Oh, and big thanks to dawg for this great suggestion!


----------



## stev (Mar 1, 2011)

Hidden old barn


----------



## LOVEMYLABXS (Mar 1, 2011)

stev said:


> Hidden old barn


 
Reaally COOL shot stev 

Weather for the next  week isn't great snow , rain and really gray so I figure I got to just take what happens a bit of a drizzel here at home but once I got up it  was snowing like crazy so Here's what i got but i did desat it


----------



## carver (Mar 1, 2011)

*North Atlanta horse barn*


----------



## wvdawg (Mar 1, 2011)

Off to a great start!  I like 'em all guys!  Here's mine.


----------



## cornpile (Mar 2, 2011)

Great old barn shots,Guys


----------



## carver (Mar 2, 2011)

Very nice captures guys,it's a shame to see our history just rot away.


----------



## Crickett (Mar 2, 2011)

Great shots y'all! There's an old barn not far from the house. I will try to get a shot of it & post it up!


----------



## Crickett (Mar 4, 2011)

Had a chance to stop by & take a photo of this barn. It sits close to the road but the trees have grown up around it making it hard to get a good clear shot.


----------



## LOVEMYLABXS (Mar 4, 2011)

Crickett said:


> Had a chance to stop by & take a photo of this barn. It sits close to the road but the trees have grown up around it making it hard to get a good clear shot.

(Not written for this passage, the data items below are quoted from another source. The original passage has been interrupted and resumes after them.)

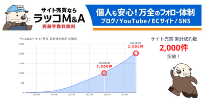 【ラッコM&A】サイト売買:累計案件成約数2,000件突破!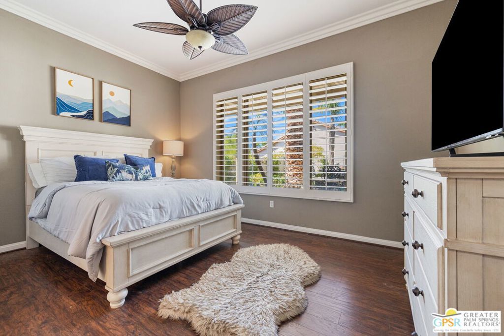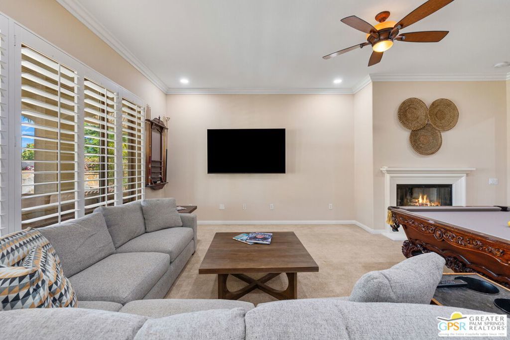 *** Monthly Rates: $5,200 per month from November to February. Availability: Only from November 2026 through February 2027. *** Welcome to your dream retreat at Sun City Shadow Hills, where comfort, community, and the best of desert living come together! This west-facing San Rafael model home with a super spool is ready for you to enjoy. This is an active 55+ community where at least one person leasing the home needs to be 55 years or older. Step into a perfect blend of indoor and outdoor living in this beautifully appointed home. Enter through a large foyer to discover an open floor plan with a wall of windows, filling the space with natural light and offering stunning views of the desert landscape. The Great Room features a cozy fireplace, crown molding, and an overhead fan, creating a welcoming and spacious ambiance. The kitchen is equipped with all-new appliances, plenty of counter space, and a walk-in pantry, perfect for all your culinary needs. Enjoy meals in the dining area with a slider to the backyard. This home offers versatility with a den that can be used as an office, formal dining room, or even a sleeping area, thanks to its double doors. The master bedroom, located on one side of the house, has its own slider to the backyard, dual vanities, a soaking tub, a shower, and a spacious walk-in closet. The other two bedrooms share a Jack and Jill bathroom, and plantation shutters and overhead fans are throughout the home for added comfort. A powder room is available for guests. The garage is a full three-car garage with ample storage cabinets and a new water heater, and the newer A/C ensures you stay cool. The backyard is a true oasis, featuring an oversized patio, palm trees, a mountain view, Alumawood awnings, solar shade, and a large spool with brand-new equipment perfect for enjoying the warm desert evenings. Sun City Shadow Hills is a premier 55+ active adult community offering an unparalleled lifestyle filled with endless amenities and activities. Tenants will have access to all community amenities, including two championship golf courses, state-of-the-art fitness centers, swimming pools, tennis and pickleball courts, and a wide variety of clubs and activities. Please note that playing golf will require an additional fee. From creative arts and crafts to lively social events and fitness classes, you'll find endless ways to stay active and engaged. Embrace the vibrant and active lifestyle that Sun City Shadow Hills offers, with its beautiful surroundings, friendly community, and numerous amenities. Don't miss this opportunity to make this your perfect seasonal retreat in the heart of the Coachella Valley.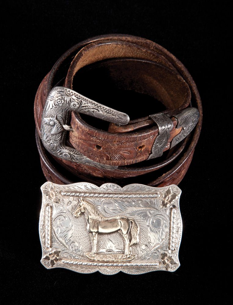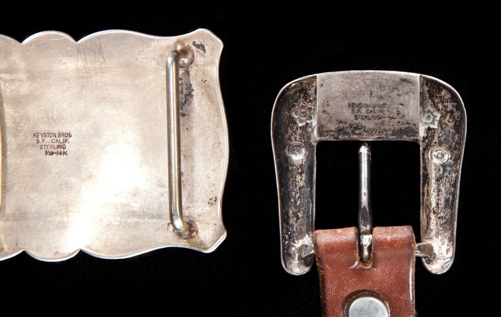 a) Early Sterling Trophy Buckle with standing horse in 1/10 14K gold and patent applied for keeper, 2 3/8” x 3 5/8” with high relief and fine detail. As new condition; b) 1”- 3 piece sterling set with horsehead decoration on buckle and scalloped keeper. On early tooled belt, circa 1930s.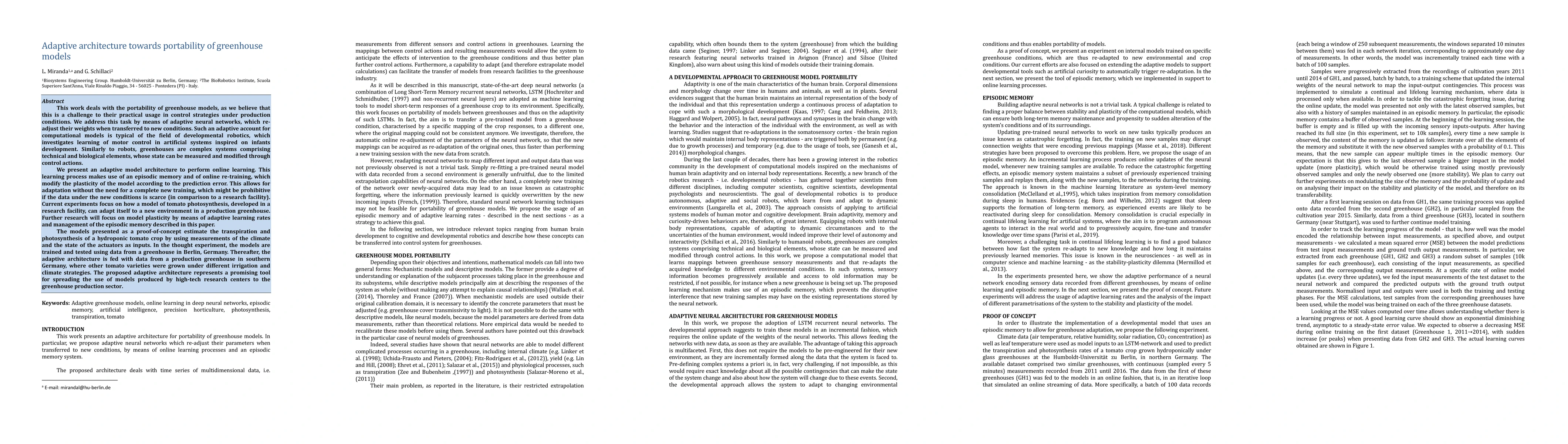 This research introduces an adaptive neural network architecture for greenhouse models, enabling them to adjust to new conditions without extensive retraining. The methodology uses online learning and episodic memory, tested with a tomato photosynthesis model transitioning from a research greenhouse in Berlin to a production greenhouse in southern Germany. The adaptive architecture shows promise for applying high-tech research models in commercial greenhouse settings.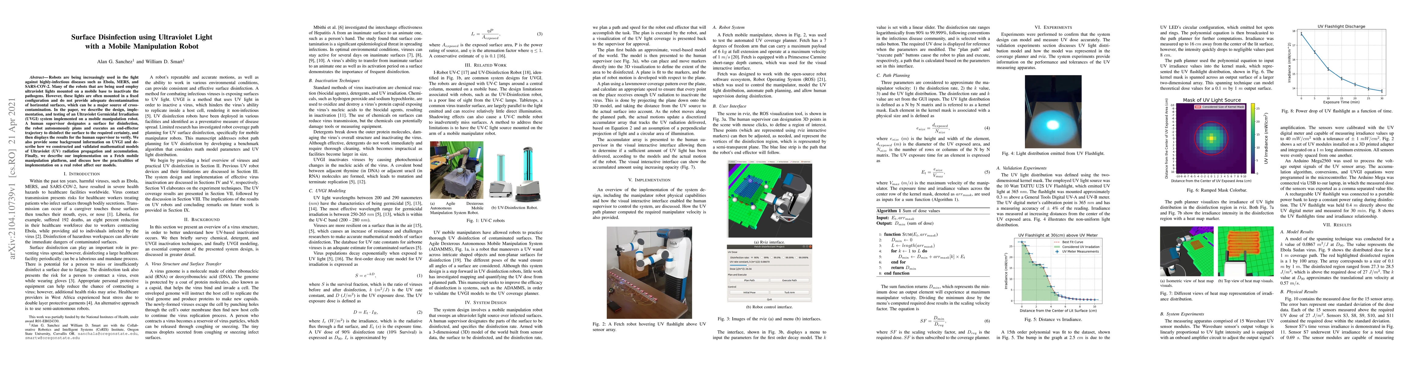 Robots are being increasingly used in the fight against highly-infectious diseases such as Ebola, MERS, and SARS-COV-2. Many of the robots that are being used employ ultraviolet lights mounted on a mobile base to inactivate the pathogens. However, these lights are often mounted in a fixed configuration and do not provide adequate decontamination of horizontal surfaces, which can be a major source of cross-contamination. In the paper, we describe the design, implementation, and testing of an Ultraviolet Germicidal Irradiation (UVGI) system implemented on a mobile manipulation robot. A human supervisor designates a surface for disinfection, the robot autonomously plans and executes an end-effector trajectory to disinfect the surface to the required certainty, and then displays the results for the human supervisor to verify. We also provide some background information on UVGI and describe how we constructed and validated mathematical models of Ultraviolet (UV) radiation propagation and accumulation. Finally, we describe our implementation on a Fetch mobile manipulation platform, and discuss how the practicalities of implementation on a real robot affect our models.

 Glad you got away from that pool table and got out mushin  Crickett  

Good job on the ole barn Crickett


----------



## Crickett (Mar 4, 2011)

LOVEMYLABXS said:


> Glad you got away from that pool table and got out mushin  Crickett
> 
> Good job on the ole barn Crickett






I'm actually getting purty good! 

Thanks Mike!


----------



## stev (Mar 4, 2011)

Crickett said:


> I'm actually getting purty good!
> 
> Thanks Mike!



Good at what


----------



## Crickett (Mar 4, 2011)

stev said:


> Good at what



It's a long list but we are talking about pool!


----------



## stev (Mar 4, 2011)

Crickett said:


> It's a long list but we are talking about pool!



cool, 8 ball is the game


----------



## kc6bsm (Mar 7, 2011)

I know it is kind of last minute, but here is mine.


----------



## wvdawg (Mar 7, 2011)

Yes ma'am - worth the wait!  That's a big ole barn!


----------



## Browtine (Mar 7, 2011)

Man! I had planned to get a shot of a GREAT old barn near me for this week... but I forgot and it's dark out now, with about 24 minutes until deadline. Dang... 

Anyway, great shots of some awesome old barns. I love old barns and buildings anyway!


----------